-
Notifications
You must be signed in to change notification settings - Fork 327
Description
The agent provides an OpenTelemetry metrics bridge: Users can collect metrics via the OpenTelemetry API and we bridge them to be exported via the Elastic APM agent.
This mechanism internally uses an embedded OpenTelemetry metrics SDK to do the metrics aggregation.
Due to living in different classloaders, we need to copy AttributeKeys and Attributes provided by the user OpenTelemetry API to the OpenTelemetry metrics SDK. Because these are very often static, we added a WeakHashMap based caching to this copying.

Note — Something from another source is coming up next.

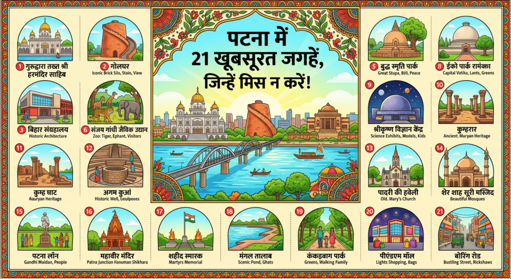 पटना में घूमने लायक 21 खूबसूरत जगहें, जिन्हें मिस न करें, क्या आप एक ही दिन में मंदिर, संग्रहालय, गंगा घाट और हरियाली सब देखना चाहते हैं? पटना में ये बिल्कुल संभव है, खासकर मार्च 2026 जैसे सुहाने मौसम में, जब दिन हल्के गर्म और शामें आरामदायक रहती हैं। नीचे 21 जगहें संक्षेप में हैं, इसलिए प्लान बनाना आसान होगा। परिवार, कपल, इतिहास प्रेमी, और बच्चों के साथ यात्रा करने वाले, सभी को यहां अपना-अपना मज़ा मिलेगा।

However, we have now had a report where this mechanism caused an OOM:
The user likely had a hot loop reporting metrics. In this loop, it seems like AttributeKeys where created over an over again, before using them to report a metrics data point.
At the same time, the application seemed to be CPU-starved, causing the cleaning thread of the WeakHashMap to never run and release the cached values which already had gone out of scope. As a result, this caused an OOM crash.
Though it is not the best pattern to create the same AttributeKeys over and over again, it is still valid to do so and we shouldn'tbe causing an OOM in this case.
We can easily solve this by imposing a reasonable size limit on our caches, from which on we stop caching newer entries.